According to the latest data from Fitch Ratings, delinquencies on U.S. commercial mortgage-backed securities (CMBS) fell last month to 8.17% from 8.29% in October, representing the lowest level since November 2010 and the sixth consecutive monthly decrease.
In November, loan resolutions totaling $1.5 billion outpaced $1.3 billion in additions to Fitch's index. Also, $6.6 billion in Fitch-rated deals closed in November, offsetting $4.6 billion in portfolio runoff. New deals contributed nearly $3 billion in new multifamily loans to Fitch's index, as well as $1.4 billion in lodging properties, $752 million in offices and $630 million in retail loans.
In November, multifamily, office and retail saw their delinquency rates improve, while hotel and industrial worsened moderately. Notably, no loans over $100 million transferred into or out of the index last month – the first time this has occurred in over a year, the company says.
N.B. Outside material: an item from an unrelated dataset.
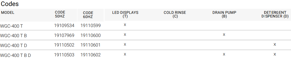 2. Модел с дренажна помпа: WGC-400 T B (Мръсната вода за измиване се оттича частично преди изплакване, което позволява: 1/Избягване на ненужно разхищение на препарат чрез по-бавно замърсяване на водата. 2/Намаляване на разходите за енергия по време на фазата на нагряване на водата за измиване чрез непрекъснато регенериране на водата за измиване.)
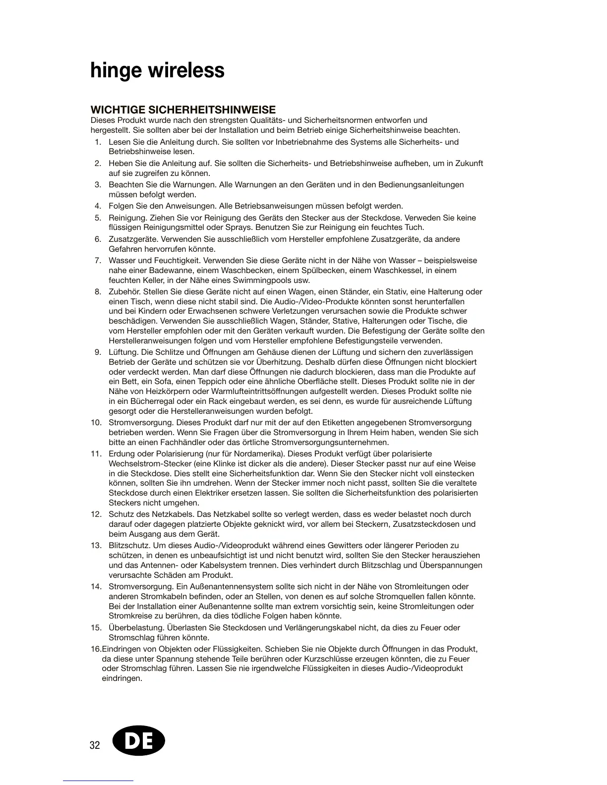 16. Eindringen von Objekten oder Flüssigkeiten. Schieben Sie nie Objekte durch Öffnungen in das Produkt,

Current and prior-month delinquency rates for each of the major property types are as follows: multifamily, 9.92% (from 10.45% in October); hotel, 9.83% (from 9.58%); industrial, 8.88% (from 8.76%); office, 8.63% (from 8.72%); and retail, 7.28% (from 7.35%)
Fitch Ratings' delinquency index includes 2,170 loans totaling $32 billion that are currently at least 60 days delinquent, in foreclosure or real estate owned, or considered non-performing matured out of the outstanding rated universe of approximately 32,000 loans comprising $392.1 billion. The index excludes loans that are 30 to 59 days delinquent, which totaled $2.1 billion in November (compared with $1.7 billion in October).